※旧ブログ 2007/03/01の転載記事です。

松竹
エンジェル・スノー

1年ぐらい、RAMに寝かしてました。
そして、なぜか私の中で「これはジェットリー主演のアクション映画と思い込み。
見る機会を失ってました。

あるでしょ。バイオリズムでこーゆー作品が見たい日って。
ジェットリーを見たいときの私は、あまり精神状態がよくない時です。
脳が疲れていて、「励ましてっ!」って時。

最近、気持ちが下向きなんで。再生スイッチをオン。
エライコトやっちまいました。
かなりコアな韓国映画でした。

主演は『二重スパイ』のコソヨン。あと、『氷雨』の人。
第二のハンソッキュだそうです。確かに似いてる。
二人は結婚六年の働く夫婦。子供はナシ。
どうも夫の精子が少ないらしく、不妊に悩んでいます。
…というか。
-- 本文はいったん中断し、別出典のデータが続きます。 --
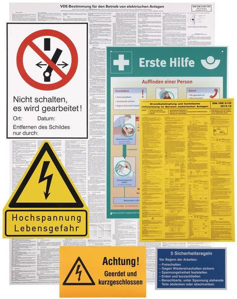 Kompletter Warn- und Hinweisschildersatz, zum Aushang und für Arbeiten an elektrischen Anlagen nach DIN VDE 0105-100 und Teil 1 (DIN EN 50110-1) mit folgender Bestückung: Aushang “VDE-Bestimmungen für den Betrieb von elektrischen Anlagen”, Aushang “Erste Hilfe” – Aushang nach BGI 510, Aushang “Brandbekämpfung und technische Hilfeleistung im Bereich elektrischer Anlagen”, Verbotsschild “Nicht schalten. Es wird gearbeitet“, Warnschild “Hochspannung – Lebensgefahr”, Warnschild “Achtung! Geerdet und kurzgeschlossen!”, Hinweisschild “5 Sicherheitsregeln”
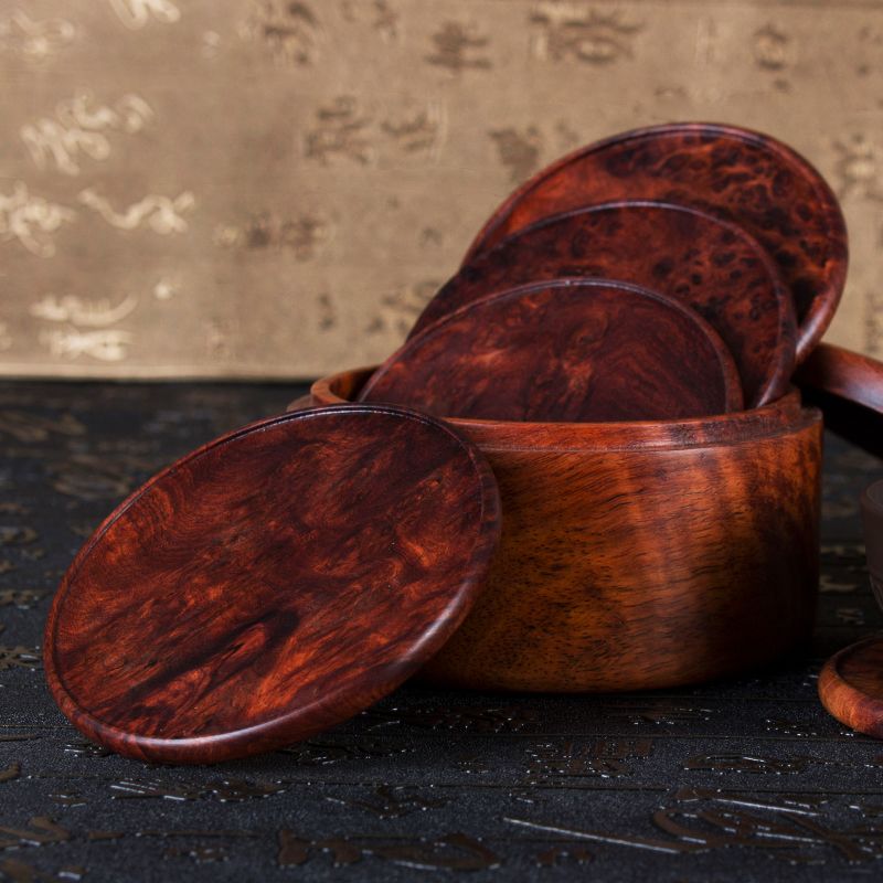 缅甸花梨树瘤杯垫【6个套】
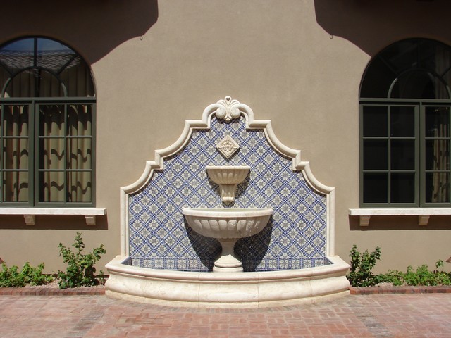 Saved by Suzman Design Associates. The Mediterranean design has perfected the addition of color to the garden. This decorative wall fountain provides a tranquil and soothing addition to your porch patio or backyard. For ultimate effect a wall water fountain made from cast stone is the closest thing youll come to the classic Mediterranean wall fountains most commonly found in Italy Spain and France.
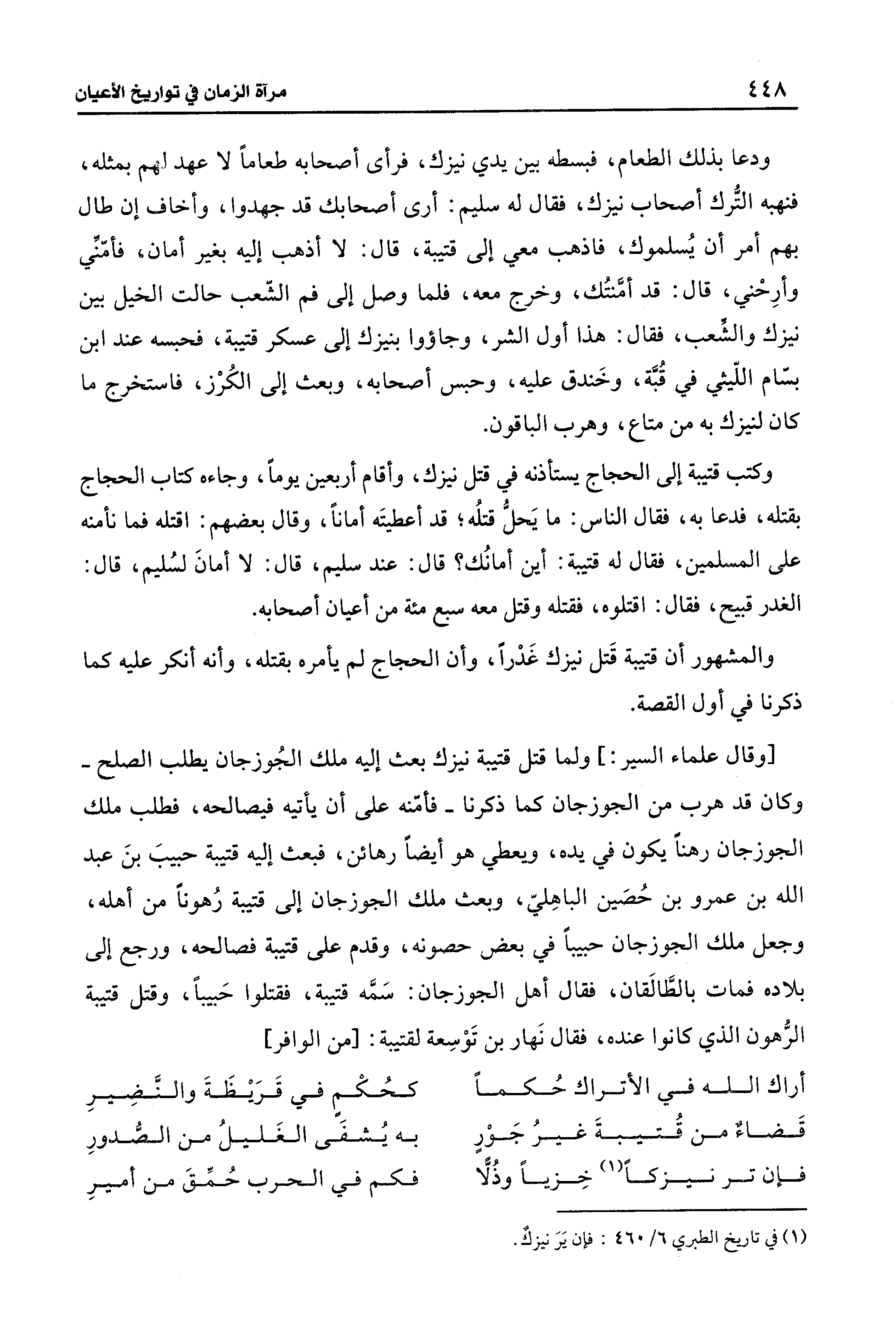 والمشهور أن قتيبة قَتل نيزك غَدْرًا، وأن الحجاج لم يأمره بقتله، وأنه أنكر عليه كما ذكرنا في أول القصة.
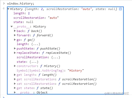 所有浏览器都支持 History API。在 window.history 对象及其原型上有一些可用的方法,接下来将展示这些方法。它还包含用户访问的所有网站记录。打开浏览器控制台来查看这个对象。请看下面的示例:

韓国人にとって、六年も子供ができないって差別されるぐらい
重大な問題なんでしょうね。日本人の想像を超えるんでしょう。

ネタバレね。

そんな二人が「ラストチャンス」と思って挑んだ不妊治療で妊娠!
二人は大喜び。
でも、すぐにどん底に落ちてしまいます。
ようやく宿った命は「無脳症」
母体から離れると、一切の指示系統を失ってしまうため栄養補給もできず。
死ぬのを待つしかない。
この世で与えられた時間はごくわずかだろうという診断。
医師は中絶をすすめますが、妻は納得できません。
そんな苦しみの中で、医師から夫になされた1つの提案。
臓器を他の赤ちゃんに移植すると言う事。
苦悩する夫。妻もそれを耳にしていました。
そして、出産。

赤ちゃんは「生」を受けた瞬間から、戦っています。苦しんでいます。
夫は必死に走って、出生届を提出します。
死後ではなく、家族として存在している瞬間の証に。

わが子を抱く事もできないまま、間もなく訪れる死の宣告。
妻は医師に言います。
「同意書をください」

わが子の生きる道を選択した夫婦は、新しい道へ向かって生きていこうとします。
そこにはエンジェルスノーが降っていました。

ねっ。重いでしょ。
でも、失恋した日に思い切り泣いたら元気になるのと同じで。
案外、元気になりました。
楽しくはなってないけど。
『インファナルアフェア』みたいな潜入モノは疲れてしまうのと。
厳しい目で見てしまうのでね。特に今は(米アカデミー委員のウスノロめっ)

今日は、何を見ましょうか。
今日こそ、思い切りバカな香港の気分なんですけどね。